WHAT THE TASK REQUIRES — Starting with the line that contains "A estequiometria do", return every line through the end of the listing below exactly as written. Omit the pictures.

DATA SHOWN —

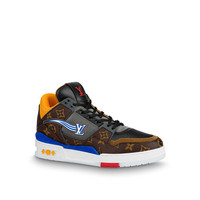 The iconic LV Trainer sneaker is crafted from Louis Vuitton's signature Monogram canvas with technical mesh and suede calf-leather trim. Inspired by classic basketball sneakers, it features a padded collar and gel-injected outsole for extra comfort. This model is complemented by flashes of colour and the new LV Initials signature on both sides. Detailed Features - Ebene - Monogram canvas, mesh and suede calf leather - 7 hours of stitching for one pair - Rubber outsole - New LV Initials signature on both sides - LV Initials on the tongue - Monogram Flowers on the outsole - Made in Italy
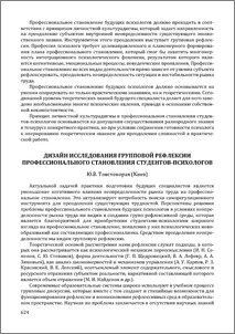 - Товстокора, Юлія Віталіївна (2013) Дизайн исследования групповой рефлексии профессионального становления студентов-психологов In: Психология - наука будущего. Материалы V Международной конференции молодых ученых 28‐29 ноября 2013 года . «Институт психологии РАН» , м.Москва, Росія, pp. 624-626. ISBN 978‐5‐9270‐0277‐1
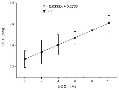 A estequiometria do complexo OEC:β-CD foi estimada pela técnica de solubilidade de fases, a partir da relação linear obtida entre a quantidade de OEC solubilizado e a concentração de β-CD das soluções (Figura 5),28 sugerindo a formação de complexo de primeira ordem relativamente a CD e de ordem 1 ou maior que 1 para o OEC, ou seja, o aumento da solubilidade do OEC é proporcional ao incremento das concentrações da CD, característico de uma estequiometria 1:1 ou superior, por exemplo, 2:1.12
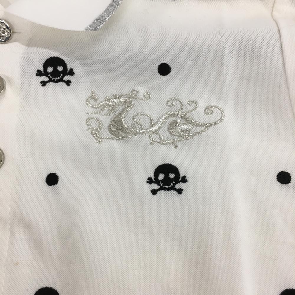 ダンスウィズドラゴン 半袖ポロシャツ 白×黒 スカル 刺しゅう柄 ドット レディース 2(M) ゴルフウェア Dance With Dragon

RESULT FOR THIS TASK —
 A estequiometria do complexo OEC:β-CD foi estimada pela técnica de solubilidade de fases, a partir da relação linear obtida entre a quantidade de OEC solubilizado e a concentração de β-CD das soluções (Figura 5),28 sugerindo a formação de complexo de primeira ordem relativamente a CD e de ordem 1 ou maior que 1 para o OEC, ou seja, o aumento da solubilidade do OEC é proporcional ao incremento das concentrações da CD, característico de uma estequiometria 1:1 ou superior, por exemplo, 2:1.12
 ダンスウィズドラゴン 半袖ポロシャツ 白×黒 スカル 刺しゅう柄 ドット レディース 2(M) ゴルフウェア Dance With Dragon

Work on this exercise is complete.